On August 20, 2015, she announced her next album would be titled Pregnant with Success, based on a lyric from "You Don't Know". On the same day, Junglepussy released a video for the assumed first single from the album, "Now or Later". The album was released on November 17, 2015. It was included on year-end lists by publications such as Fact, Spin, and Rolling Stone.

On May 11, 2018, she released an album, JP3, which features guest appearances from Rico Love, Gangsta Boo, Wiki, and Quin. The album was leaked a day before its release. At Metacritic, which assigns a weighted average score out of 100 to reviews from mainstream critics, JP3 received an average score of 83, based on 6 reviews, indicating "universal acclaim". Vibe included it on the "25 Hip-Hop Albums by Bomb Womxn of 2018" list. It was nominated by the American Association of Independent Music for its 2019 indie music-celebrating Libera Awards in the category of Best Hip-Hop/Rap Album.

She made her acting debut in the comedy film Support the Girls (2018).

In 2020, Junglepussy released JP4, her fourth studio album, which Guardian described as "a moody blend of nu-metal, alt-rock and funk". NME described the record as "stunning", praising McHayle for uniting "a multitude of sounds" and "scoping multiple genres" while still producing a cohesive and enduring record".

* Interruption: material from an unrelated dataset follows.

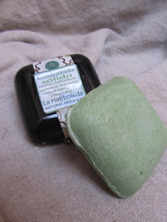 Le preparo a mi amigo Carlos, que es casi mi hermano, su acondicionador boscoso porque tiene una laaarga melena que pide acondicionado,y como ahora sé que anda viajero y que le va a venir mejor cargar con algo pequeñito en vez de con el megafrasco habitual, y que, de decidir no andar de botella arriba-botella abajo su melena se va a resentir, le he hecho una version del mismo en pastilla.

In 2025, she appeared in Paul Thomas Anderson's critically acclaimed film One Battle After Another as a far-left revolutionary sharing her namesake. Anderson was inspired to write the character for her after seeing her on tour with Tame Impala in 2022.

==Artistry==
===Musical style and influences===
In a 2014 interview with Interview, Junglepussy cited she has taken inspiration from musicians such as Erykah Badu, Missy Elliott, Lady Saw, Kelis, Busta Rhymes, Vybz Kartel, Mavado, The Veronicas, Metric, Gossip, and Soulja Boy.

===Public image===
Junglepussy explained that as a young woman she was mostly influenced by the television show Moesha, starring singer/actress Brandy. She said in Paper: "Growing up, I would see Brandy on Moesha and see her keeping in her cornrows and her braids, but still flourish in her art and music, looking fly. I loved Moesha as a child, but now I take away something more special from it. Just because you're a black girl, it doesn't mean you need to only care about hair and makeup. Brandy cared about books, culture and where she was going — you can do both."

==Personal life==
Junglepussy is autistic, and identifies as asexual.

==Discography==
===Studio albums===
- Pregnant with Success (2015)
- JP3 (2018)
- JP4 (2020)

===Mixtapes===
- Satisfaction Guaranteed (2014)
- JP5000 (2022)

===Singles===
- "You Don't Know" (2015)
- "Now or Later" (2015)
- "State of the Union" (2018)
- "Showers" (2018)
- "Trader Joe" (2018)
- "They Know" (2018)
- "Spiders" (2019)
- "Main Attraction" (2020)
- "Arugula" (2020)

===Guest appearances===
- Dai Burger – "Titty Attack" from Raw Burger (2011)
- Le1f – "Oils" from Tree House (2013)
- Rome Fortune – "Payin' for It" from Drive, Thighs & Lies (2014)
- Scooter Island – "#NOTYOURS" from Broad City (Original Series Soundtrack) (2015)
- Shy Girls – "Always the Same" from 4WZ (2015)
- Le1f – "Swirl" from Riot Boi (2015)
- Lion Babe – "Still in Love" from Sun Joint (2016)
- Brenmar – "Like a Hoe" from High End Times (2016)
- Nick Hook – "Dive for You" from Relationships (2016)
- Nadia Rose – "Breathe Slow" (2017)
- Gabriel Garzón-Montano – "The Game Remix" (2018)
- TXS – "Don't Tempt Me" from Everything Is Bigger (2018)
- Pussy Riot – "Hangers" (2019)

==Filmography==

===Film===
- Support the Girls (2018) – Danyelle
- The Perfect Find (2023) – Carlita
- One Battle After Another (2025) – as Junglepussy

===Television===
- Random Acts of Flyness (2018)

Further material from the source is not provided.